Even if the tools are limited to making decisions around release conditions, as is being proposed in California and in Principle 4, they have potential to increase onerous and invasive requirements like electronic monitoring, house arrest and probation reporting. While better than custody for most defendants, judges are likely to default to these types of conditions, or adjust the tools to increase their use. Racial bias from the tools in assigning release conditions is no more acceptable than racial bias in recommending detention.

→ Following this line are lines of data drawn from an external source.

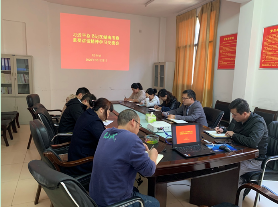 10月21日,财务处党支部在创业园214会议室举行习近平总书记考察湖南重要讲话精神学习交流会,财务处党支部10位党员全部参加,交流会由支部书记蒋辉同志主持。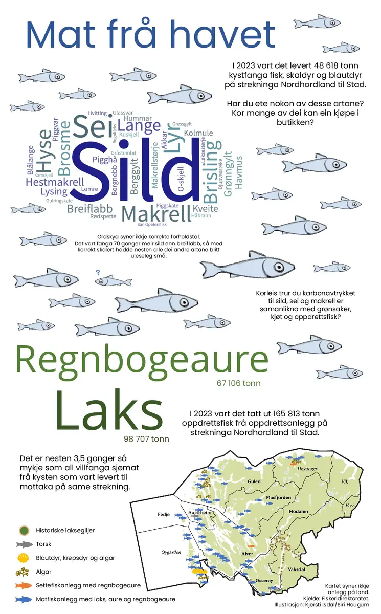 I 2023 vart det tatt ut 165 813 tonn oppdrettsfisk frå oppdrettsanlegg på streklninga Norhordland til Stad. Det er nesten 3,5 gonger så mykje som all villfanga sjømat frå kysten som vart levert til mottaka på samme strekning.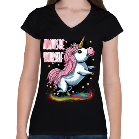 1 kép PRINTFASHION Légy önmagad - Unikornis malac - Női V-nyakú póló - Fekete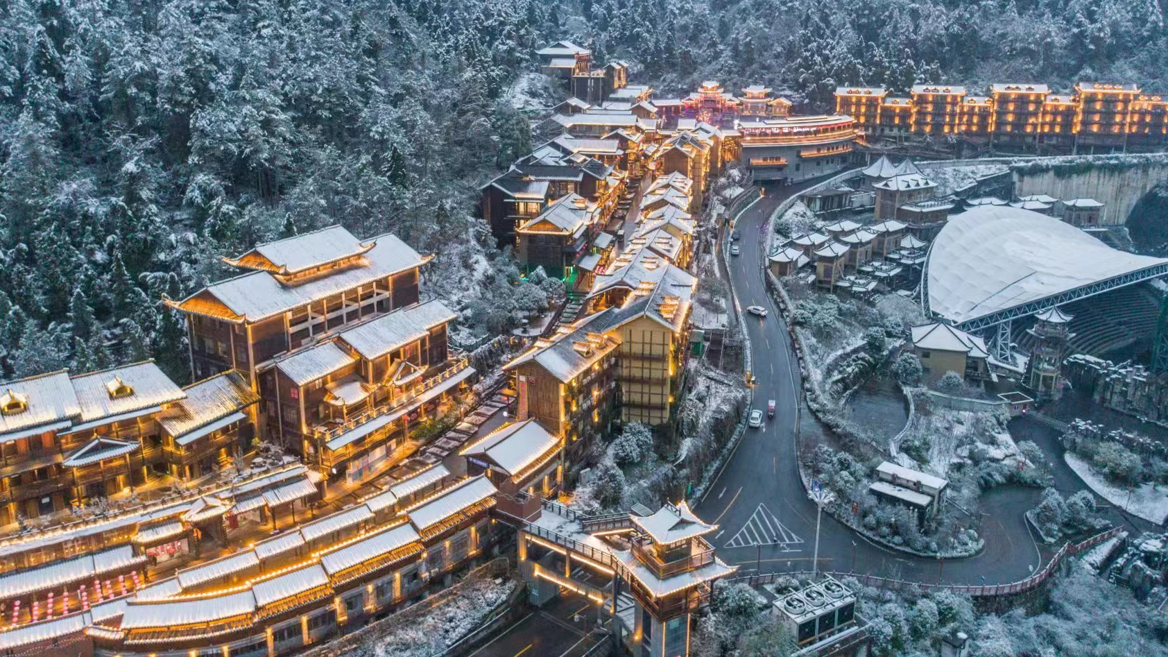 酉阳县酉州古城夜景。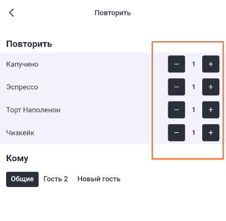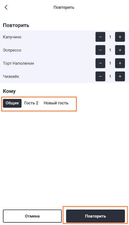 Выберите гостя, которому нужно продублировать заказ, и нажмите Повторить.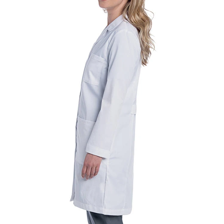 - This four-button lab coat features back belt accent, side hand access, three front pockets and two inside pockets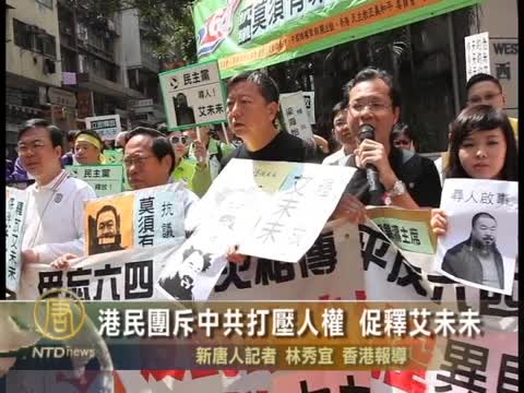 【新唐人2011年4月11日訊】大陸藝術家艾未未遭中共拘留一個星期,家人仍未收到他的消息。香港多個團體星期日到中共政府駐港辦事處,抗議中共打壓人權自由,要求立即釋放艾未未及多名異見維權人士。
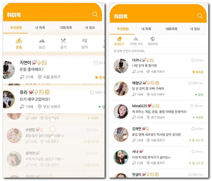 - 사용자의 지역 내 동호회가 우선적으로 노출됨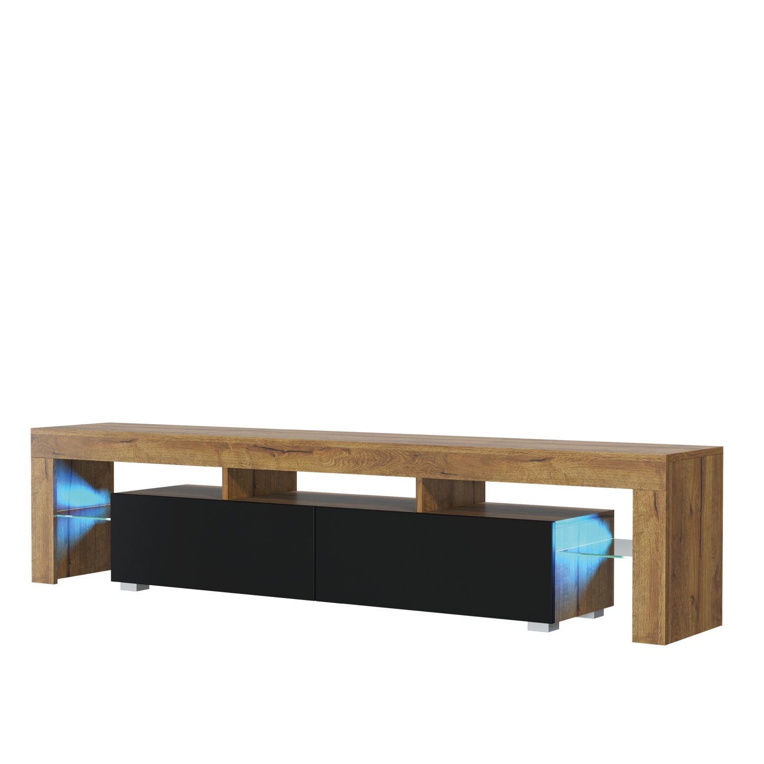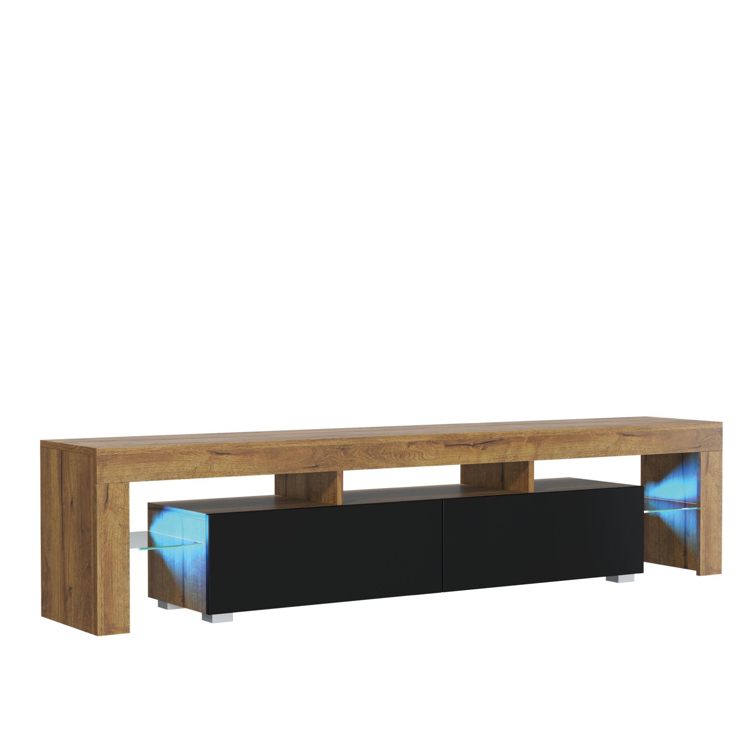 The RIDGE TV Unit transforms your living room into a spacious and elegant entertainment hub, serving as a stunning centerpiece for any contemporary interior. Measuring 200cm (W) x 45cm (H) x 35cm (D), this generously sized cabinet combines style and functionality, making it the perfect fit for larger spaces. The unit features a sleek matte body paired with high-gloss doors, creating a clean and modern aesthetic. Please note: the Dark Oak with Black version features matte black doors, providing a unique and understated alternative to the glossy finishes available in other combinations. Crafted from durable 16mm chipboard and MDF, the RIDGE TV Unit is built to last and thoughtfully includes easy cable access to ensure a clean and organized entertainment setup. Available in White & Gloss Doors, White & Grey Gloss Doors, Black & Gloss Doors, Walnut & Black Gloss Doors, Oak & White Gloss Doors, Dark Oak & Black Matt Doors, and Dark Grey & Gloss Doors, this versatile unit is designed to enhance any modern living space.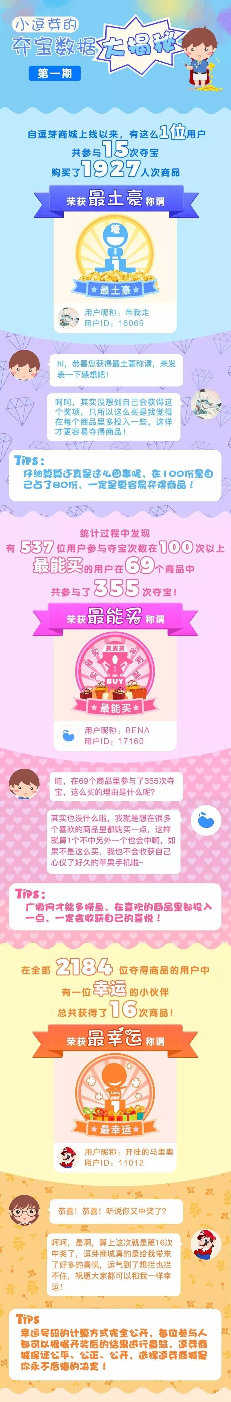 那么,上线以来,逗芽商城的第一期夺宝数据终于公布,来看看你不知道的那些事儿!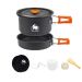 8 PIESES CAMPING COOKWARE KIT: This Outdoor Backpacking Cooking Set includes 1 Aluminum Non-stick Frying Pan + 1 Anodized Aluminum Pot + 3 Bowls + 1 Bamboo Spoon + 1 Soup ladle + 1 Cleaning Sponge + 1 Mesh bag, which is equipped with all of your kitchen essentials, and it is designed for3 people, perfect for camping, hiking, backpacking, picnic and other outdoor activities.

We should adopt solutions to the inequities of money bail system that do not simply replace it with another biased system that may be used to over-supervise or over-incarcerate. As Principle 1 suggests, pretrial detention should be limited to an extremely narrow category of defendants. Legislation should be drafted to create bright line rules defining those narrow categories. In California, Human Rights Watch has recommended limiting the possibility of pretrial detention to those accused of “serious” or “violent” felonies, as defined in the Penal Code. The detention or bail hearing for the small eligible group should have strict standards requiring specific proof of an individualized danger or flight risk, before the court can consider setting any conditions of release or bail. Instead of using profile-based risk assessment tools, courts should assess risk through lengthy, detailed hearings in which the defendant has the resources to present mitigating evidence about their individual circumstances. Detention or release should not be determined by a statistical probability.

Our pretrial detention systems need to be changed. The “8 Principles” provide an excellent framework, except that their proposed limitations on risk assessment tools do not go far enough. Given the many harms that are likely to flow from their use, harms that are foreshadowed in the language of Principle 4 itself, we should oppose use of these tools entirely.